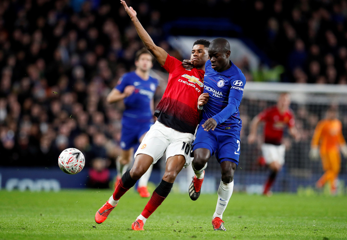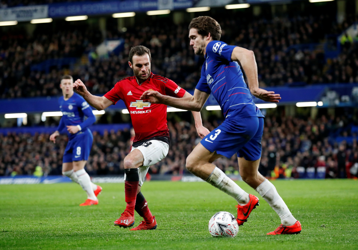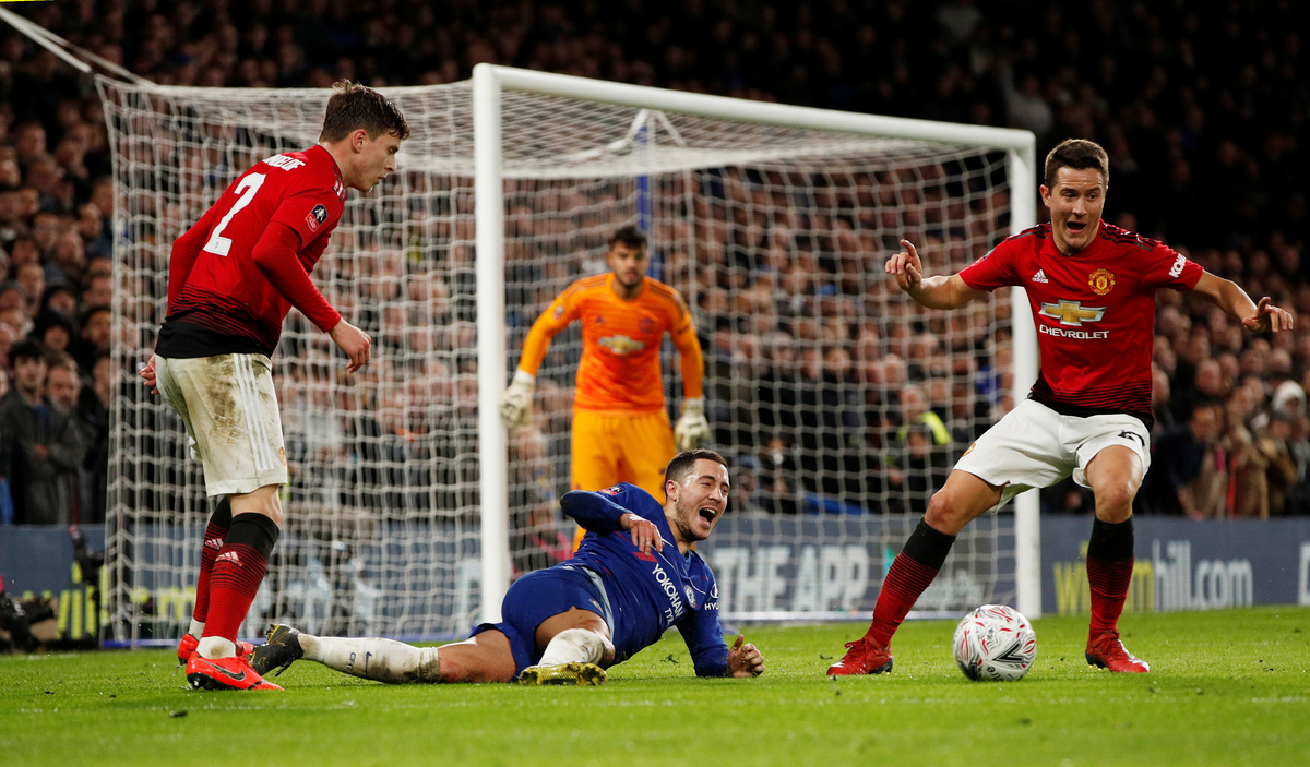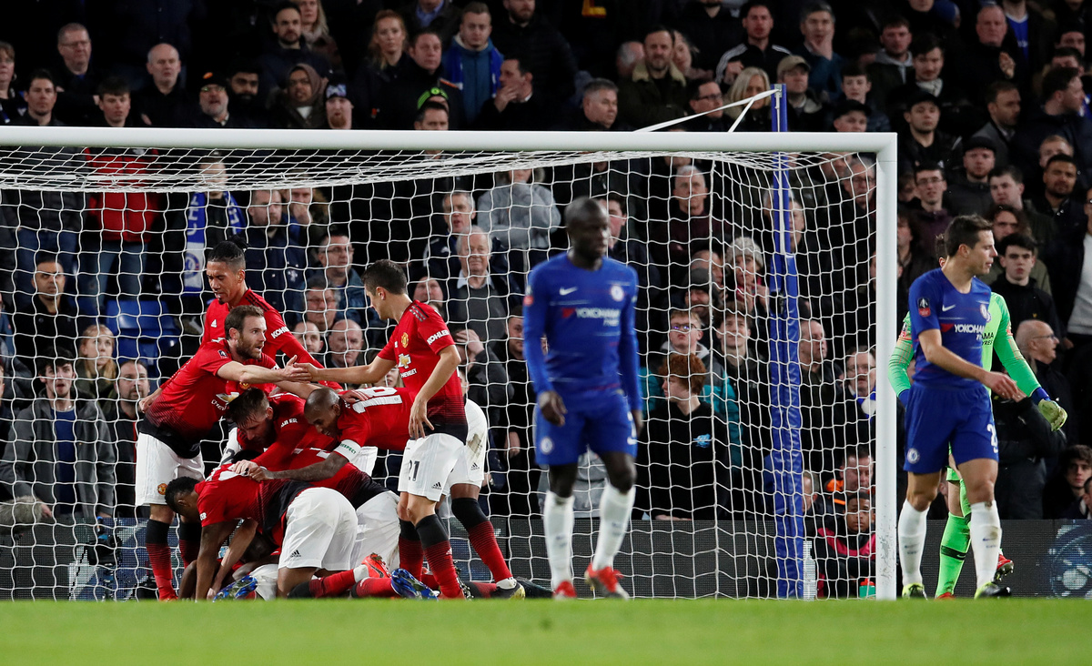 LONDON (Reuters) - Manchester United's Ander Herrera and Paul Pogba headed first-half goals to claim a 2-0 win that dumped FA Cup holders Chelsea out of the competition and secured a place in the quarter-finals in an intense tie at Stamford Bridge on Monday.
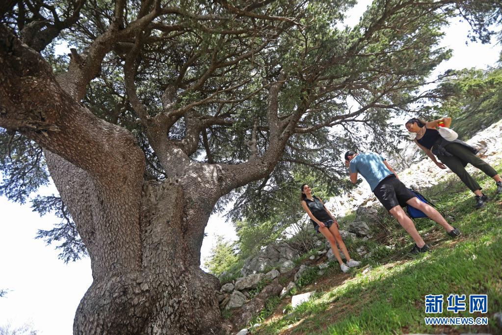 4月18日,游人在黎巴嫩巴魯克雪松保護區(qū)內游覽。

################

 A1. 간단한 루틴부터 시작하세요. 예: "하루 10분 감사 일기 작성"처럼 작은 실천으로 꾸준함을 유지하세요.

################

**Aim of the exercise**
Using the data above, transcribe exactly the lines between those containing "LONDON (Reuters) - Manchester" and "4月18日,游人在黎巴嫩巴魯克雪松保護區(qū)內游覽。", inclusive, and leave every picture behind.

**Result of the task**
 LONDON (Reuters) - Manchester United's Ander Herrera and Paul Pogba headed first-half goals to claim a 2-0 win that dumped FA Cup holders Chelsea out of the competition and secured a place in the quarter-finals in an intense tie at Stamford Bridge on Monday.
 4月18日,游人在黎巴嫩巴魯克雪松保護區(qū)內游覽。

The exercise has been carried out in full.